Selectman Michael Cameron wants the raises to come as soon as possible. Mayor Whitney Rawlings said the additional money should be added during the budget-writing process this summer, and the raises should take effect Oct. 1 at the start of the city’s next fiscal year.

“This pay raise should be (city administrator Quordiniah Lockley’s) order for the next fiscal year’s budget,” Rawlings said.

As for the $1 million in restricted funds, the mayor said he’d rather see it spent on one-time purchases for big-ticket items, such as equipment for the public works department.

“The monies that started all this discussion, those monies are one-time money, not sustainable money. It needs to be handled correctly in the budget process. We tell (Lockley) what percentage we want, and then he has to make the numbers work.”

The board has discussed giving city workers across-the-board raises of 3 to 6 percent.

A 3 percent raise would cost the city about $167,000, and a 6 percent raise would cost about $334,000.

Lockley said city employees have not received a cost-of-living raise in five years.

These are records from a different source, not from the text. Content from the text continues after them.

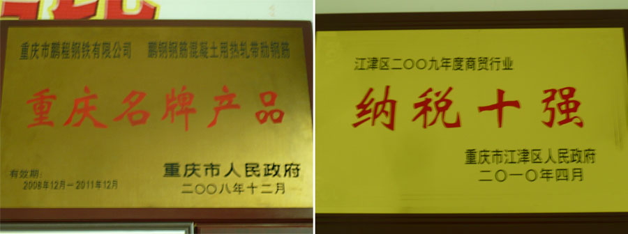 “鵬鋼牌”鋼筋混凝土用熱軋帶肋鋼筋采用了國際上流行的四位一體短流先進生產工藝。2012年公司生產的熱軋帶肋鋼筋HRB400高強鋼筋取得生產許可證,被重慶市政府評為“重慶名牌”產品。“鵬鋼牌”鋼筋混凝土用熱軋帶肋鋼筋每年均受江津區(qū)質量技術監(jiān)督局、重慶市質量技術監(jiān)督局等部門的監(jiān)督抽查,合格率達100%。在全市同行中,“鵬鋼牌”鋼筋混凝土用熱軋帶肋鋼筋無論是產量、質量、市場占有率在全市都名列第一。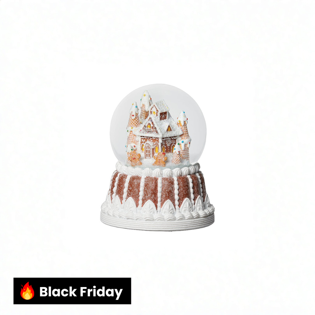 Este lindo globo de neve apresenta uma casinha de gengibre incrivelmente saborosa e lindamente decorada, aninhada em uma floresta de gengibre, com dois bonequinhos de gengibre do lado de fora. Este globo maravilhoso fica sobre uma base de gengibre que parece deliciosa o suficiente para ser comida!
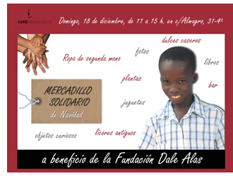 Este domingo 18, de 11 a 15 horas, en la Calle Almagro nº31, se celebrará el I Mercadillo Solidario de Navidad, en beneficio de la Fundación Dale Alas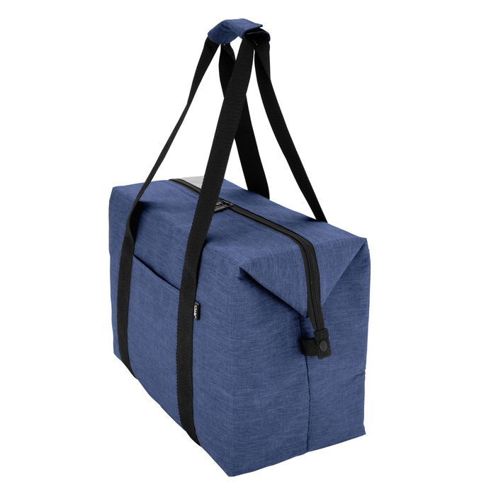 Bolso térmico. Cierre posterior con dos tiradores. Hebillas metálicas en los laterales que permiten cambiar su formato a prisma. Bolsillo frontal. Dos asas con refuerzo de velcro.

Rawlings said giving raises now would be a financially dicey move for McComb. He said that if the city decides to spend more money on personnel now it will mean cuts in city operations.

He said that since the Board of Selectmen took office in 2011, selectmen have steadily increased the amount spent on road repair in McComb, budgeting $600,000 for this fiscal year.

“Streets are important,” Rawlings said. “Look at what we’ve put into our budget. When we started, we had $0. That’s a commitment. We owe our employees that commitment, and we should commit to do this for them in the next budget year, but not now.”